• What is being asked: Going through the material below, output exactly the lines from the one containing "2015.2.27 photo@yna.co.kr |" through the one containing "As Targeted Dual", and no pictures.

• Material provided:

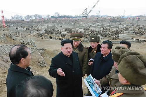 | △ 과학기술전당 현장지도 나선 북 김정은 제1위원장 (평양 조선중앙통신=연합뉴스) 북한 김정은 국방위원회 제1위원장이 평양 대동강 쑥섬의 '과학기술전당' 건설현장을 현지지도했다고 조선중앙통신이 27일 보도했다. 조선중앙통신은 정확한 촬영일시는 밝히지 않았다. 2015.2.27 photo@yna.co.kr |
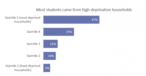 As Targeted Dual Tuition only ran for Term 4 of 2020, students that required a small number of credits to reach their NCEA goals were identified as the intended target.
...
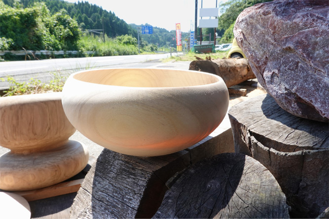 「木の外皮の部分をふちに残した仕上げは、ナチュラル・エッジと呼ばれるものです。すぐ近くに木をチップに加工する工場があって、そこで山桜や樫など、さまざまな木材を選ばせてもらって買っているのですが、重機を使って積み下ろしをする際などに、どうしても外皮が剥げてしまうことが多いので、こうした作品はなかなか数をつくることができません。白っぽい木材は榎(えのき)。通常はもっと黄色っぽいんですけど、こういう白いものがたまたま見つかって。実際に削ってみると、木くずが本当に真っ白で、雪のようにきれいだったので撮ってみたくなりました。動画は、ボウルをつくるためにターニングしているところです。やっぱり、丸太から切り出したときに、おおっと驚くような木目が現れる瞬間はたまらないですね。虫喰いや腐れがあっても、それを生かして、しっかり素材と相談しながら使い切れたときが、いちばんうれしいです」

• Your solution:
 | △ 과학기술전당 현장지도 나선 북 김정은 제1위원장 (평양 조선중앙통신=연합뉴스) 북한 김정은 국방위원회 제1위원장이 평양 대동강 쑥섬의 '과학기술전당' 건설현장을 현지지도했다고 조선중앙통신이 27일 보도했다. 조선중앙통신은 정확한 촬영일시는 밝히지 않았다. 2015.2.27 photo@yna.co.kr |
 As Targeted Dual Tuition only ran for Term 4 of 2020, students that required a small number of credits to reach their NCEA goals were identified as the intended target.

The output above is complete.